Title: Re: NAFPS Highly Recommends...
Post by: Ganieda on April 04, 2006, 11:57:12 pm
Two recommendations I would make are Canadian. ? "Dancing with a Ghost" by Rupert Ross for reading ... and for music, Susan Aglukark http://www.susanaglukark.com/ ?
Title: Re: NAFPS Highly Recommends...
Post by: frederica on April 05, 2006, 01:33:28 am
Joy Harjo has both the poetry and recordings.  Ulali, Annie Humphrey, Buffy St. Marie and Gordon Lightfoot are also good. frederica
Title: Re: NAFPS Highly Recommends...
Post by: Ganieda on June 14, 2006, 02:03:01 pm
One category not mentioned here is that of film and movies.  I highly recommend the movie: Atanarjuat

Atanarjuat is Canada's first feature-length fiction film written, produced, directed, and acted by Inuit peoples of Arctic Canada. The place is the eastern arctic wilderness at the dawn of the first millenium. Evil in the form of a mysterious, unknown shaman enters a small community of nomadic Inuit and upsets its balance and spirit of cooperation. The stranger leaves behind a lingering curse of bitterness and discord.

Atanarjuat gives international audiences a more authentic view of Inuit culture and oral tradition than ever before, from the inside and through Inuit eyes.

http://atanarjuat.com/index1.html
Title: Re: NAFPS Highly Recommends...
Post by: debbieredbear on June 14, 2006, 04:34:58 pm
Atanarjuat  is a great film! My Inupiat friends especially liked it because they did not need to read the subtitles. :)
Title: Re: NAFPS Highly Recommends...
Post by: Liam on October 21, 2006, 10:02:51 am
hi there,

I was surprised to see a reference to Harvey Arden and his description of what he felt an Elder is. I don't take so much of an issue with what he says (or the people he quotes), but the way he goes about things. I have only read Dreamkeepers, and browsed Wisdomkeepers, but I do find him to be a bit of a pain. In my thesis I guess you could say he ranks relatively well, but then again I am writing about Lynn Andrews and Marlo Morgan and I'm calling him "less-bad".

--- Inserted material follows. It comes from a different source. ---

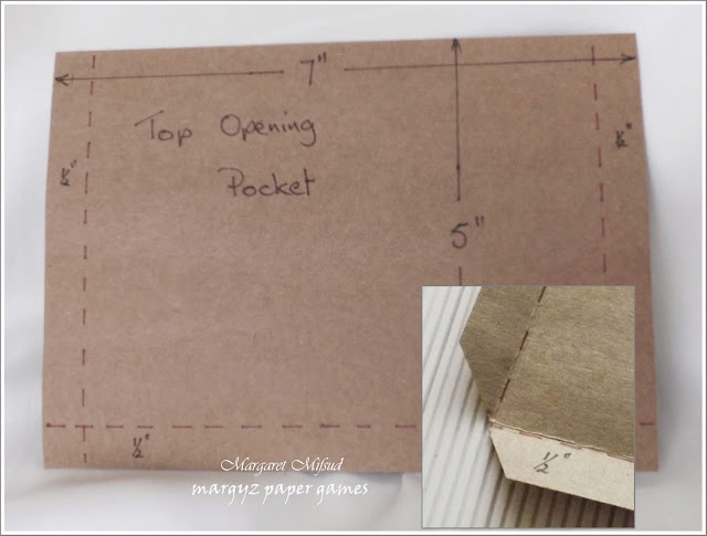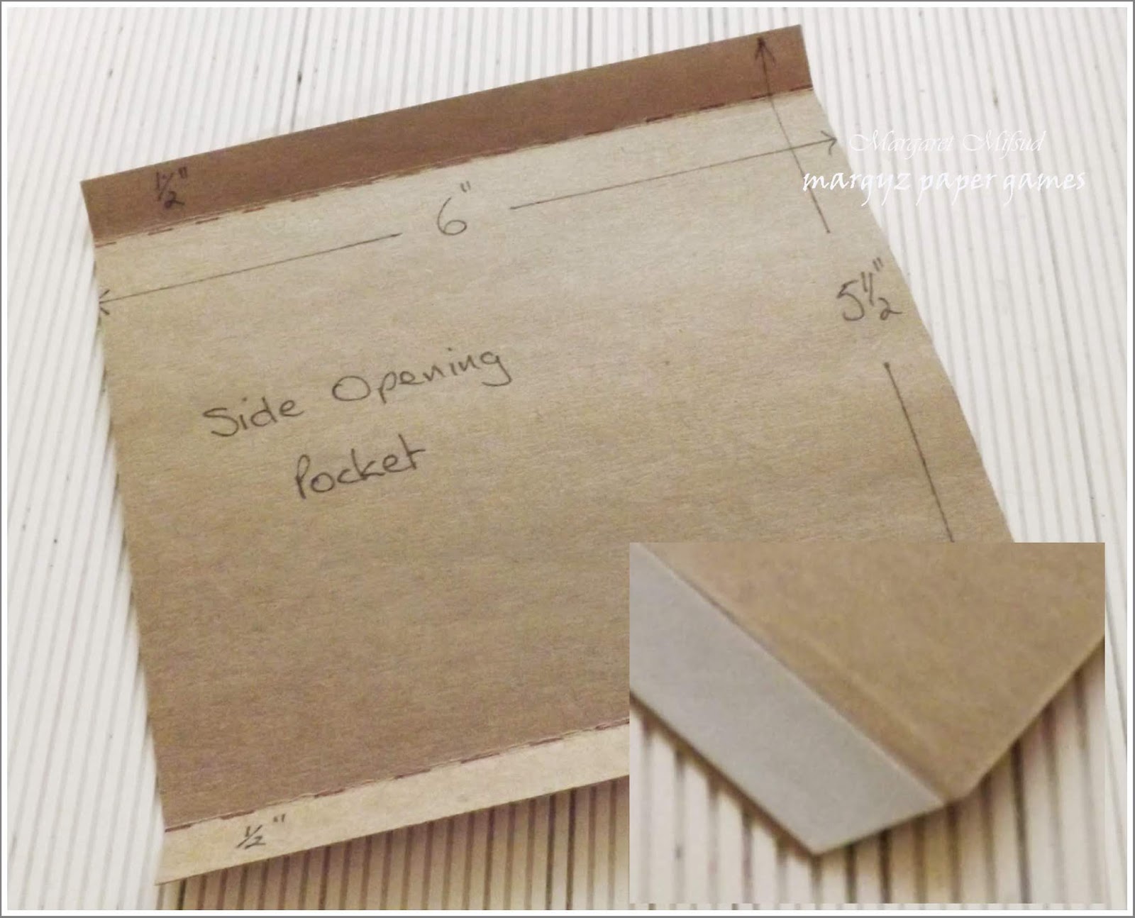 When attaching this pocket, only glue down the bottom and one side. The other side is left open to attach to the book hinge.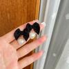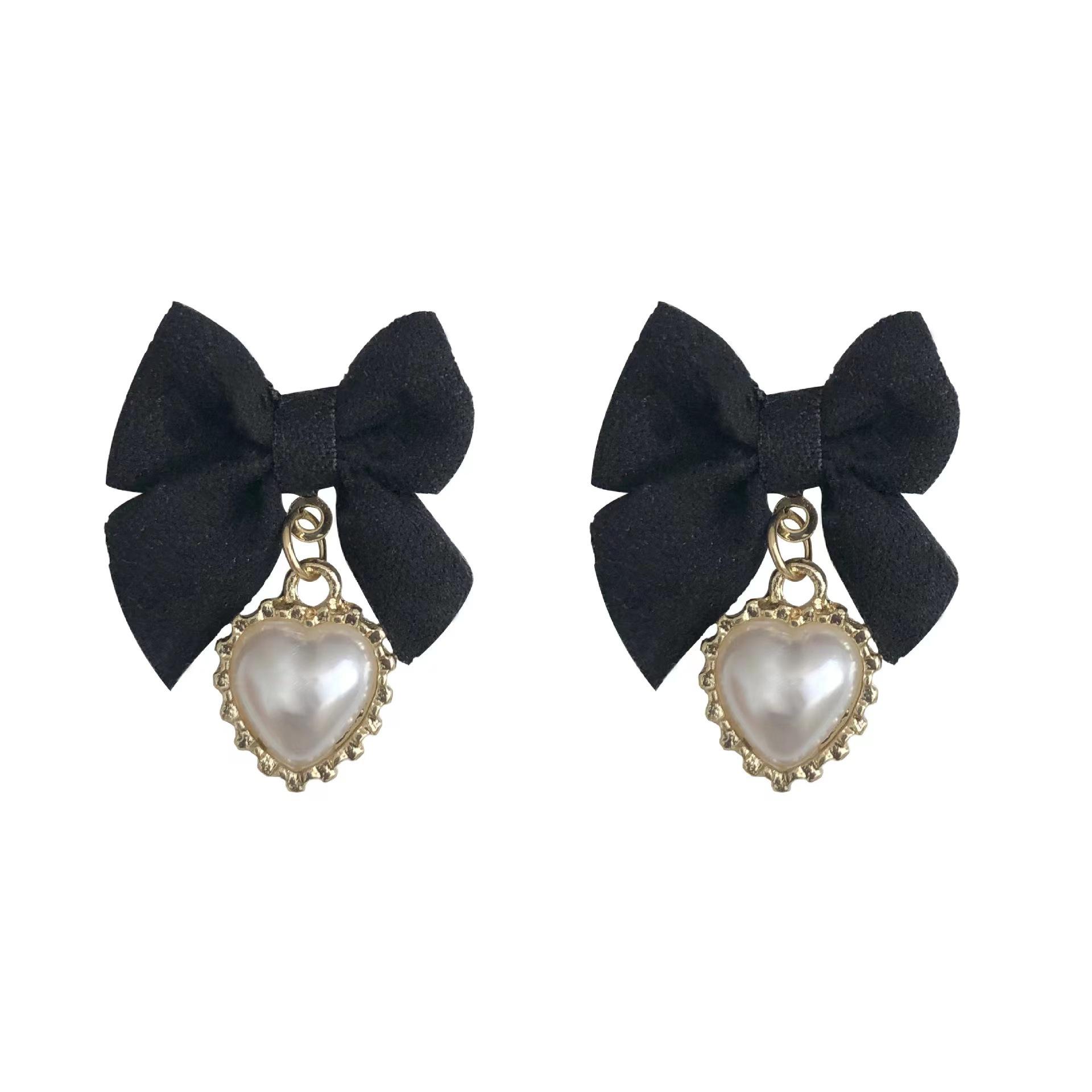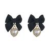 Pendientes de plata S925 con forma de aguja y lazo de terciopelo negro retro, elegantes y sencillos, con perlas y amor para mujer.

However, I'm not sure what he does is entirely different to what Morgan and Andrews do. He travells to a far away place to gather "wisdom" from people he consistently constructs as noble savages. The title he gives these people "Dreamkeepers" is one he hopes will stick. It obviously comes out of the the white construct called "the Dreamtime", and the idea continues to be a white construct - a white construct for white people in fact. Dreamkeepers (and I suspect Wisdomkeepers) is written for white people, about Indigenous people - the communities where he found his informants  I would doubt have much use for it, I doubt get any money out of it. He wrote as his dedication "This book is dedicated to the Aboriginal peoples of Australia, to Aboriginal peoples everywhere and the the Aboriginal in each of us' - it is the "Aboriginal in each of us" that I worry about - is this any different from white people's assertion to "walk the red road"? Or "I was called Cherokee Princess Eats too much Cake in a past life"?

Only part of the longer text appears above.